> **Directions**: Restate word for word the lines of the listing below, from its first line through the line with "- Hosts -> Proxy", without the pictures.

> **Input material**:

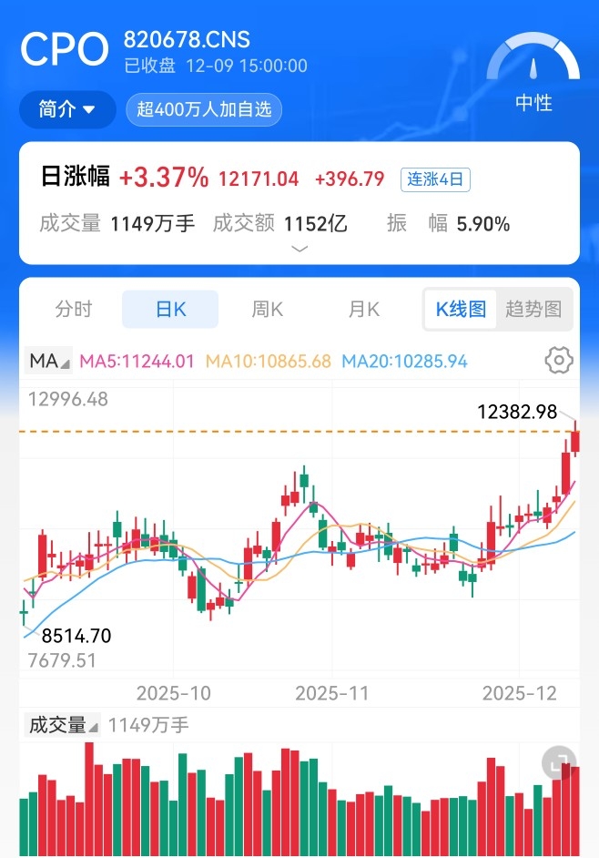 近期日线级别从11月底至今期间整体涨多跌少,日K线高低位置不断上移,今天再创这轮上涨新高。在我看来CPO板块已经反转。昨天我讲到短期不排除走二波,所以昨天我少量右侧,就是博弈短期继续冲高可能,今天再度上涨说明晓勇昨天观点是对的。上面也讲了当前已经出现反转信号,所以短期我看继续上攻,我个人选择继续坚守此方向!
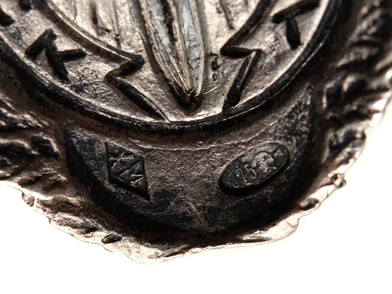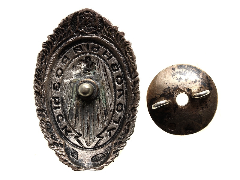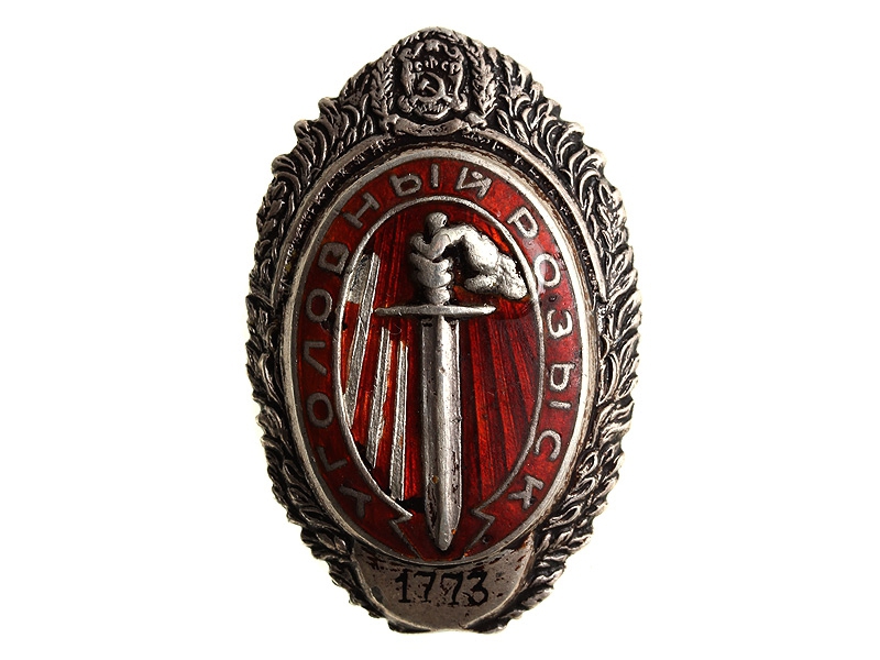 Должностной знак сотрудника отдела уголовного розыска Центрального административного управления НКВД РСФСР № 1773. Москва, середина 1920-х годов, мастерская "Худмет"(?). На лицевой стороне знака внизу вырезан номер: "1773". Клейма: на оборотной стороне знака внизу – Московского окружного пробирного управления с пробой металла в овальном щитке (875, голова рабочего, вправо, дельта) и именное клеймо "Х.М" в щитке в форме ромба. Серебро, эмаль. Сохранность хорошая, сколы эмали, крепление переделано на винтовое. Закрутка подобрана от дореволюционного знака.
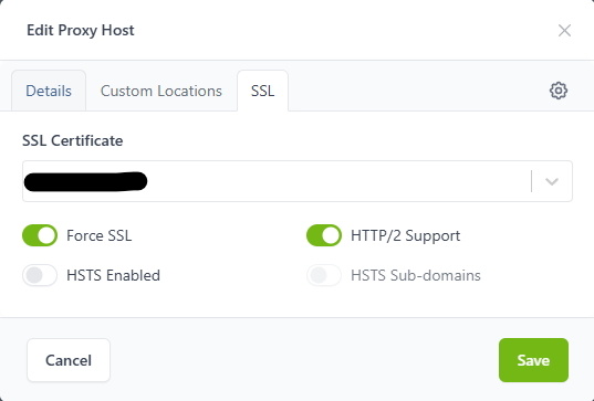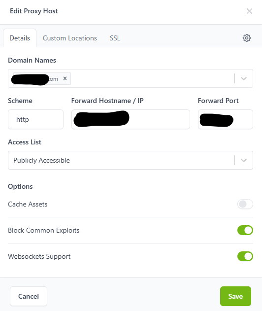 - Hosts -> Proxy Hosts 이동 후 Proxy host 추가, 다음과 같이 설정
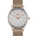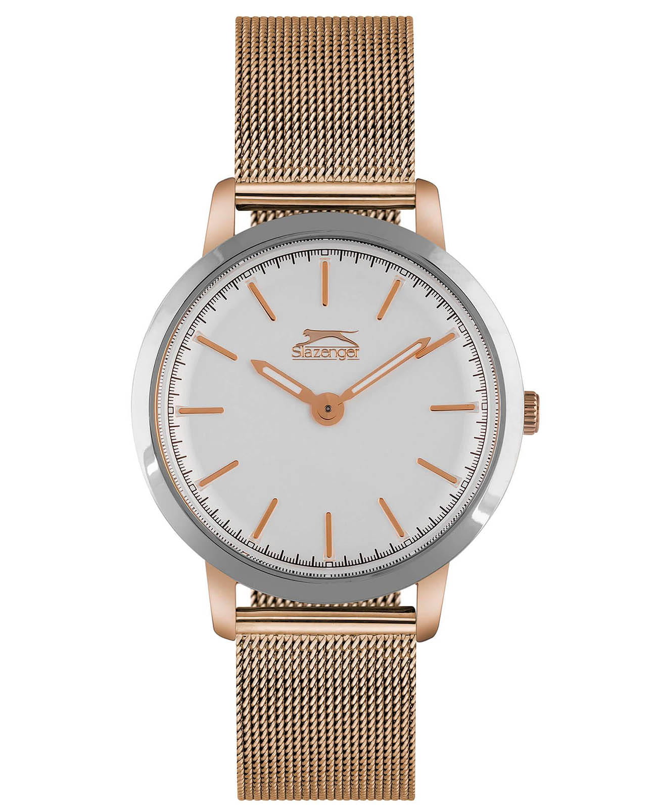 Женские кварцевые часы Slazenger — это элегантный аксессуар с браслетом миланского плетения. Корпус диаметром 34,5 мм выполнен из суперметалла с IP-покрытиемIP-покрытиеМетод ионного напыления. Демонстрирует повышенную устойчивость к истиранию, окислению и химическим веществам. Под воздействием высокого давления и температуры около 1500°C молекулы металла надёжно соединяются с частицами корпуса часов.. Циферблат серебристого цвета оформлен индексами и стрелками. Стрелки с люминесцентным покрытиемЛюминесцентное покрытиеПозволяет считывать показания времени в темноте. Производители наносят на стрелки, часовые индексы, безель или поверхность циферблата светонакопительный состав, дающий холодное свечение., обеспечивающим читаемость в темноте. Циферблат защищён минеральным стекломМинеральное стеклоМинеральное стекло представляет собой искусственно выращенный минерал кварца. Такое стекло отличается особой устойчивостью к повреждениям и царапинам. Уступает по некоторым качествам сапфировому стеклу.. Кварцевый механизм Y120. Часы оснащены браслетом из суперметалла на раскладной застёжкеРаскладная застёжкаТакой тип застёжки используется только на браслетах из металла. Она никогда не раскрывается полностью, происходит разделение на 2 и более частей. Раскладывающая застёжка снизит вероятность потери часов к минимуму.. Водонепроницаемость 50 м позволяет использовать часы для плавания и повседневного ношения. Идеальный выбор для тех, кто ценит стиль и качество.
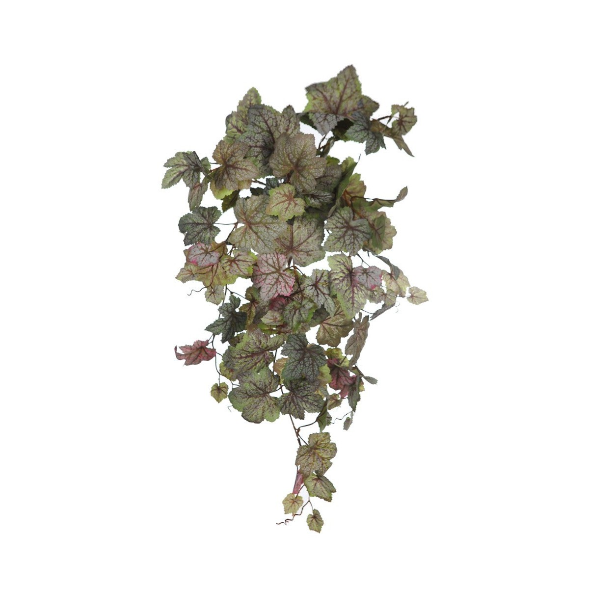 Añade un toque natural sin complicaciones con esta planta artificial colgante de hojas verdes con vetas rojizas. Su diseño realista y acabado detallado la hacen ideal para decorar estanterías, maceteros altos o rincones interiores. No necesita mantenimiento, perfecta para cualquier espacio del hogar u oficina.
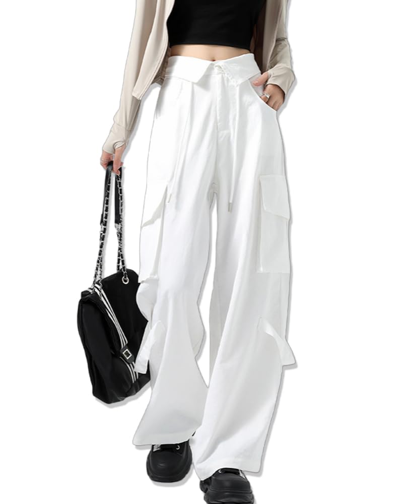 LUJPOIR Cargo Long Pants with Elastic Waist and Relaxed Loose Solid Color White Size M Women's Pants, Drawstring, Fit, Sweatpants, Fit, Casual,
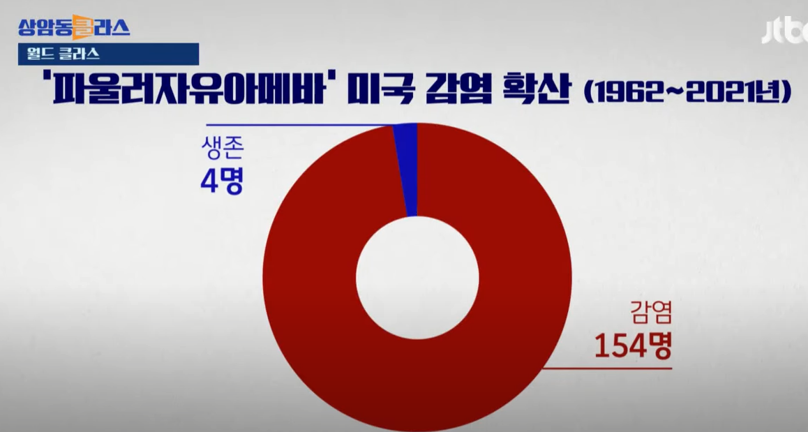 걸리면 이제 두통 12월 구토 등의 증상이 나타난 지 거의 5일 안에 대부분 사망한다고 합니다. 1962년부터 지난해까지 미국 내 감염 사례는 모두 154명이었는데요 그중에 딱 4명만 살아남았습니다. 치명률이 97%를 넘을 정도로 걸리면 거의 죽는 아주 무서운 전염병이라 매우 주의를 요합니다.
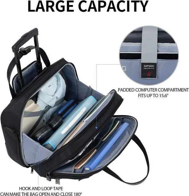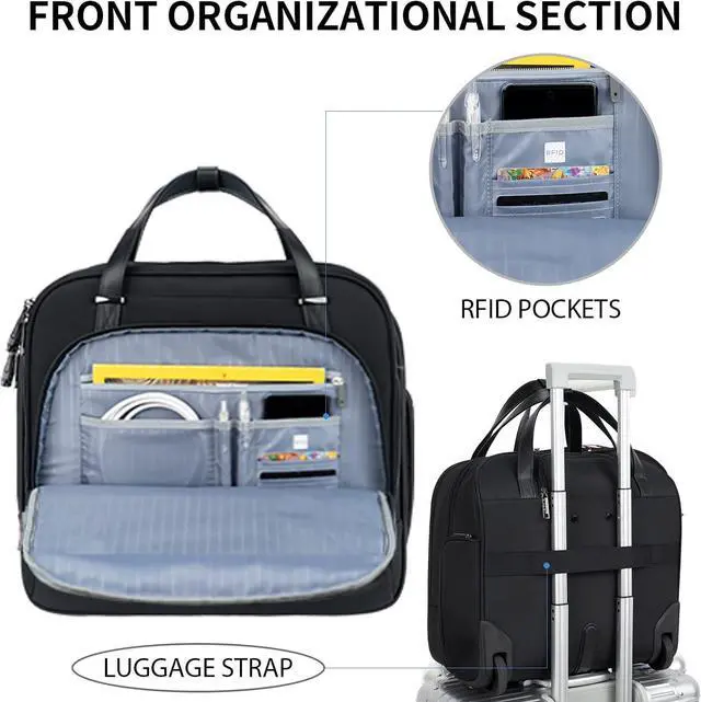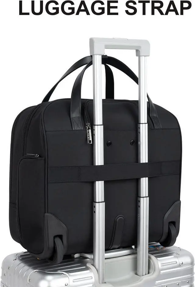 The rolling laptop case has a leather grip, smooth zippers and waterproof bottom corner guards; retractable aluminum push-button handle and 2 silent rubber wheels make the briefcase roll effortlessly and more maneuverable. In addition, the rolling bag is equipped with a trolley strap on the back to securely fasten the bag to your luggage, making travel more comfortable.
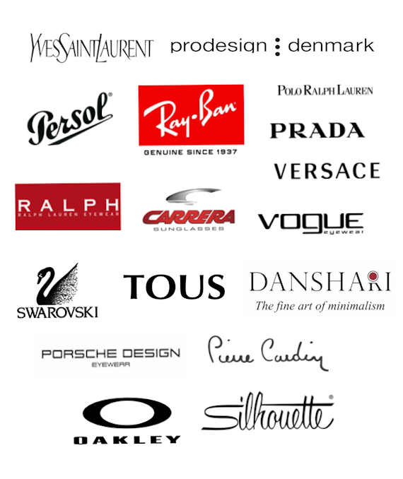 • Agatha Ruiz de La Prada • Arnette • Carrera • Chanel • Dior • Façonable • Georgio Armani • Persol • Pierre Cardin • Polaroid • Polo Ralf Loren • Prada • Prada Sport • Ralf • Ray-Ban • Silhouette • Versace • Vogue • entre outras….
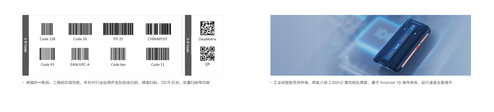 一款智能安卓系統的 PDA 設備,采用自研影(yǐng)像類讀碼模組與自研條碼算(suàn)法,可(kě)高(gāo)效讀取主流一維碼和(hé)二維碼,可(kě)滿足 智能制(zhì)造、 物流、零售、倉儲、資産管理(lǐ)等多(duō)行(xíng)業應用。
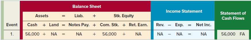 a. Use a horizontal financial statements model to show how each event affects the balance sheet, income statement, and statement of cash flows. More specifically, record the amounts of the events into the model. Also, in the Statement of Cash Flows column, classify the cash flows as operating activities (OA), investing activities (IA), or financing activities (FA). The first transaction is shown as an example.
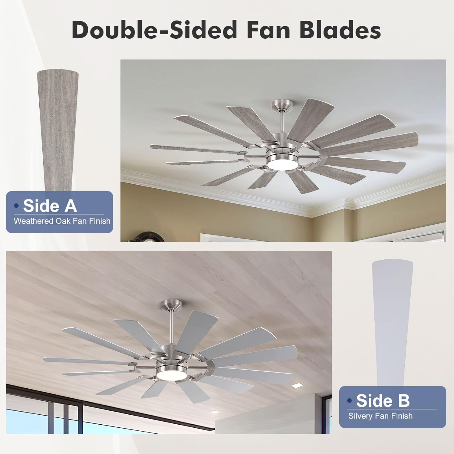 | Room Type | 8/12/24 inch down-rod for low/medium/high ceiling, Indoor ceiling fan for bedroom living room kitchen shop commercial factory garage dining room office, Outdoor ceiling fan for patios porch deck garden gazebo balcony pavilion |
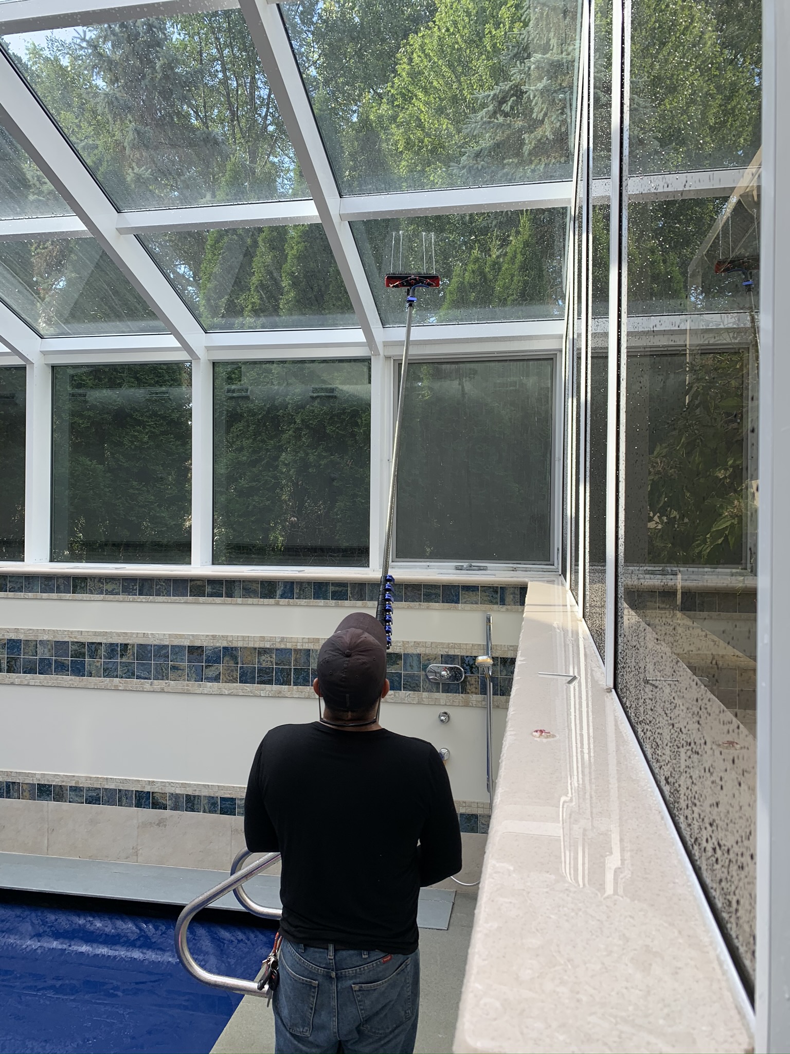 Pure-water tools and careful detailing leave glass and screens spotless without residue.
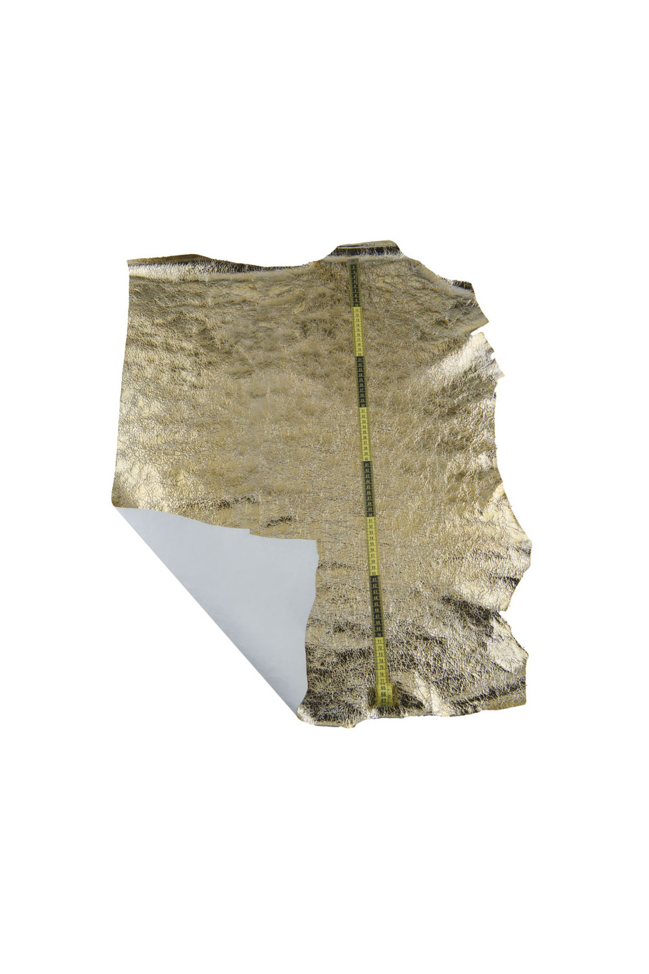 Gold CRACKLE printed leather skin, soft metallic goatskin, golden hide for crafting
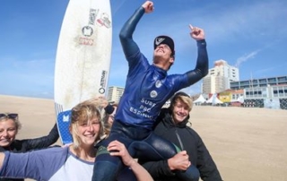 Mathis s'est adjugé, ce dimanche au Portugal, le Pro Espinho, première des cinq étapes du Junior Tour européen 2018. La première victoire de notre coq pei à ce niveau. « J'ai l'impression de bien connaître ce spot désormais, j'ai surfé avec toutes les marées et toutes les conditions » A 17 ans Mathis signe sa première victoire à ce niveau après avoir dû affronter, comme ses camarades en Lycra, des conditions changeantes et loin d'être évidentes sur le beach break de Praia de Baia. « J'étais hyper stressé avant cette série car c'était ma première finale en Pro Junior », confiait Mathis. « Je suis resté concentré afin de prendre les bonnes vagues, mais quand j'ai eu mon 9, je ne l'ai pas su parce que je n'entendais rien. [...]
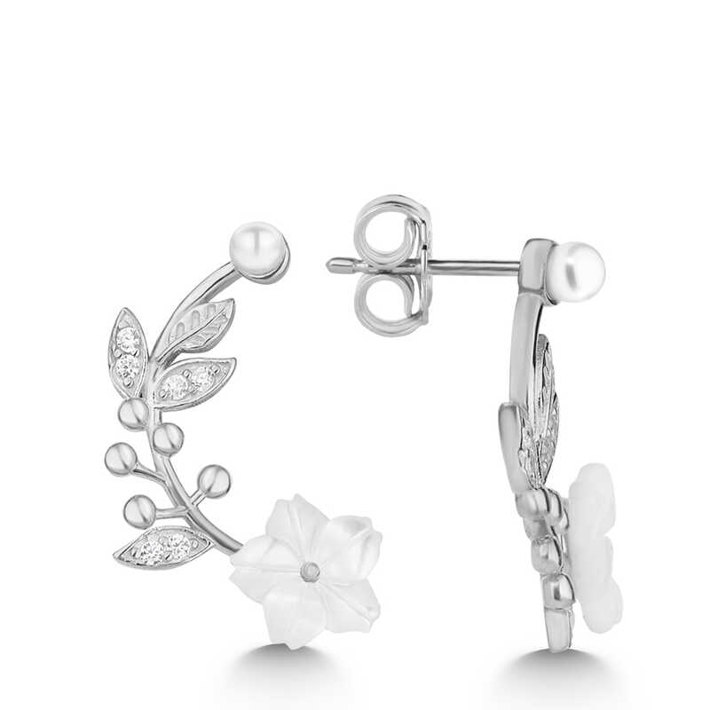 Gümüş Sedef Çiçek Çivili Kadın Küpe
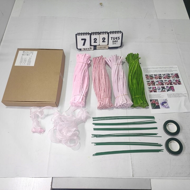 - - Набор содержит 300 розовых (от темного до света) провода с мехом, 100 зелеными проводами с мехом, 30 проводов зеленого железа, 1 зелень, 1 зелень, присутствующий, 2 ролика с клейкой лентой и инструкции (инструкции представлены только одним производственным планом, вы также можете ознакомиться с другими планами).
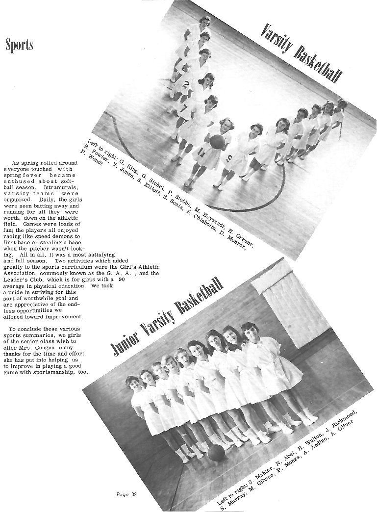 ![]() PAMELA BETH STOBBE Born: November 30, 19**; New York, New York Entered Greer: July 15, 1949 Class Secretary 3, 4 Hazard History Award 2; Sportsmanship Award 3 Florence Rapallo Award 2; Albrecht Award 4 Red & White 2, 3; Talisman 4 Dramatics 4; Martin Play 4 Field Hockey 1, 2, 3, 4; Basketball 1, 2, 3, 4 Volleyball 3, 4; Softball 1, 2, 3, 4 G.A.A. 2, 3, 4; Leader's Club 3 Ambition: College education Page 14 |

> **Result**:
 近期日线级别从11月底至今期间整体涨多跌少,日K线高低位置不断上移,今天再创这轮上涨新高。在我看来CPO板块已经反转。昨天我讲到短期不排除走二波,所以昨天我少量右侧,就是博弈短期继续冲高可能,今天再度上涨说明晓勇昨天观点是对的。上面也讲了当前已经出现反转信号,所以短期我看继续上攻,我个人选择继续坚守此方向!
 Должностной знак сотрудника отдела уголовного розыска Центрального административного управления НКВД РСФСР № 1773. Москва, середина 1920-х годов, мастерская "Худмет"(?). На лицевой стороне знака внизу вырезан номер: "1773". Клейма: на оборотной стороне знака внизу – Московского окружного пробирного управления с пробой металла в овальном щитке (875, голова рабочего, вправо, дельта) и именное клеймо "Х.М" в щитке в форме ромба. Серебро, эмаль. Сохранность хорошая, сколы эмали, крепление переделано на винтовое. Закрутка подобрана от дореволюционного знака.
 - Hosts -> Proxy Hosts 이동 후 Proxy host 추가, 다음과 같이 설정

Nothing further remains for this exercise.